Even though many people did leave their homes and families and escape to France or America, many justified their refusal to flee by claiming that they couldn't leave their families and their lives.

Even as a young boy, Sherlock felt that was a stupid reason. Clearly, no matter what they chose to do, flee or stay, their lives would never have been the same.

"Yes, well…Sentiment I suppose," Sherlock muttered noncommittally at the wall directly in front of him.

"Stupidity more like." Jim said, "How they haven't gone the way of the Dodo already is beyond me. Still… nature can sometimes use a bit of help."

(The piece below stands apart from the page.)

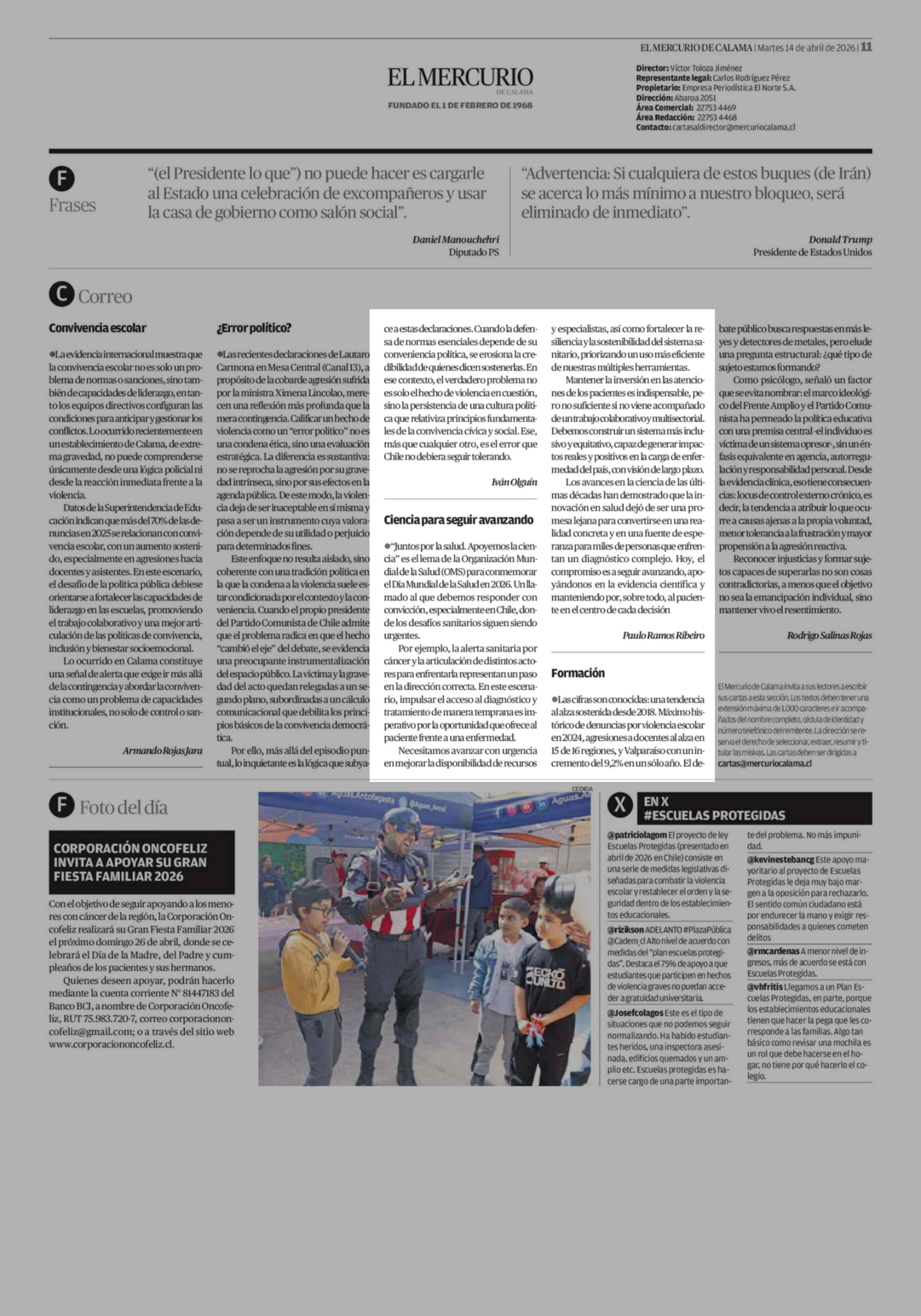 Cartas: Ciencia para seguir avanzando 14-04-2026 El Mercurio de Calama |

"So, you've taken a page out of Hitler's book and are using the Icarus Law as a stepping stone to taking away the rights of people born with wings, is that quite right?" Sherlock made a small advance, stepping away from the water's edge and directing his sudden inexplicable fury at the nearby wall. "Whatever is next? Lies about parasites in the media?"

And then Jim did something so heart-wrenchingly unpredictable, so completely terror laden it shocked Sherlock down to his core and stirred a fearfulness in him that he'd never experienced with another human being. Sherlock's palms began to sweat and his face felt foreign and clammy, and for the first time he doubted his decision to come to the pool.

Jim laughed, and laughed, and laughed.